Malam itu, Asep dan Asih sekali lagi menghitung jumlah tabungan mereka.
Uang yang mereka simpan untuk berhaji itu kini berjumlah Rp. 50.830.000.
Sementara biaya haji pada saat itu berkisar kurang lebih Rp 27 juta per
orang, belum lagi biaya bimbingan haji yang harus mereka ikuti, ditambah
dengan uang jajan tambahan untuk membeli oleh-oleh. Mereka menghitung,
kurang lebih mereka memerlukan dana berkisar Rp 10 juta.

Setiap malam berlalu, Asep dan Asih selalu menghitung peruntungan jualan
mereka, dan sebagiannya mereka sisihkan untuk mewujudkan cita-cita berhaji.
Suatu pagi, Asep mendengar kabar bahwa kawan karibnya dalam berjamaah
shalat di Masjid As Shabirin jatuh sakit secara mendadak dan kini dirawat
di RS. Dr. Hasan Sadikin.

Setelah divisum oleh dokter rupanya penyakit yang diderita tetangga
sekaligus kawan karibnya itu adalah penyakit tumor tulang. Sebuah penyakit
yang jarang terjadi pada masyarakat Indonesia.

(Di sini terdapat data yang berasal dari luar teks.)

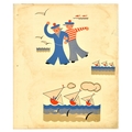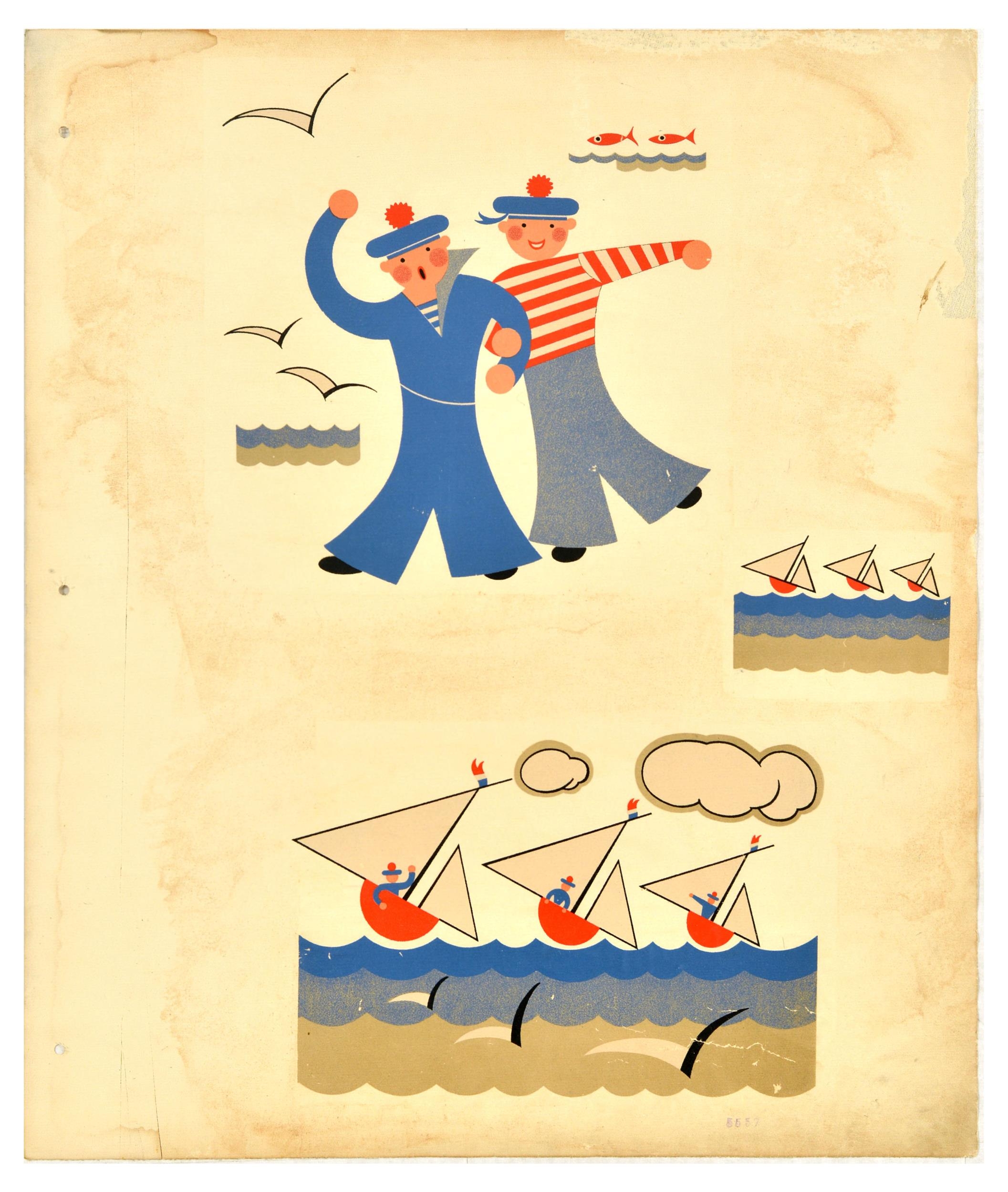 Travel Poster Sailors Navy Sailing Boat Art Deco Wallpaper. Original vintage wallpaper printing sample poster featuring a fun caricature illustrations of two sailors walking hand in hand, with seagulls and fish, and smaller images of sailing boats on the sea. Fair condition, staining, tears, creasing, punched holes on left side, left side cut off and reattached with tape, paper losses, paper skimming, backed on old linen. Country of issue: France, designer: unknown, size (cm): 65x55, year of printing: 1930s.

Bersegeralah, Asep menjenguk kawan karibnya itu. Sesampainya di sana,
sahabat tersebut masih berada di ruang ICU dan untungnya masih sadarkan
diri sehingga dapat melakukan percakapan dengan Asep. Dari penuturannya
Asep mengetahui bahwa tumor tulang tersebut telah membuat tetangganya tidak
mampu untuk berdiri lagi, dan tumor tersebut harus diangkat segera. Sebab
bila tidak, maka tumor tersebut dapat menjalar ke bagian tubuh lain. Asep
bergidik mendengarnya. Namun ia masih terus membesarkan hati sahabatnya itu
untuk senantiasa tawakkal dan berdoa kepada Allah Swt Yang Maha
Menyembuhkan setiap penyakit hamba-Nya.

Hampir setiap hari Asep menjenguk sahabatnya itu. Pada hari kedelapan,
sahabatnya itu telah dipindah ke ruang rawat inap kelas 3, bersama tujuh
pasien lainnya dalam satu kamar. Kamar tersebut pengap dengan bau obat, dan
tidak layak disebut sebagai kamar rumah sakit. Pemandangan yang berantakan.
Jemuran baju pasien dan pendamping yang bertebaran di sepanjang jendela.
Seprai kasur yang tidak rapi. Tikar dan koran bertebaran di pojok-pojok
kamar. Itu semua membuat pemandangan kamar menjadi tidak asri dan pengap.

Namun apa mau dikata,
tetangganya adalah seorang yang mungkin memilik nasib sama dengan jutaan
orang di Indonesia. Sudah masuk rumah sakit saja Alhamdulillah, nggak tahu
bayarnya pakai apa?

Hari itu adalah hari kesebelas sahabatnya dirawat di rumah sakit. Kebetulan
Asep sedang berada di sana, seorang perawat membawakan sebuah surat dari
rumah sakit bahwa untuk membuang tumor yang berada di sendi-sendi tulang
pasien haruslah dijalankan sebuah operasi. Operasi itu akan menelan biaya
hampir Rp 50 juta. Bila keluarga pasien mengharapkan kesembuhan, maka
operasi tersebut harus dilakukan. Namun kalau mau berpasrah kepada takdir
Tuhan, maka tinggal berdoa saja agar terjadi keajaiban.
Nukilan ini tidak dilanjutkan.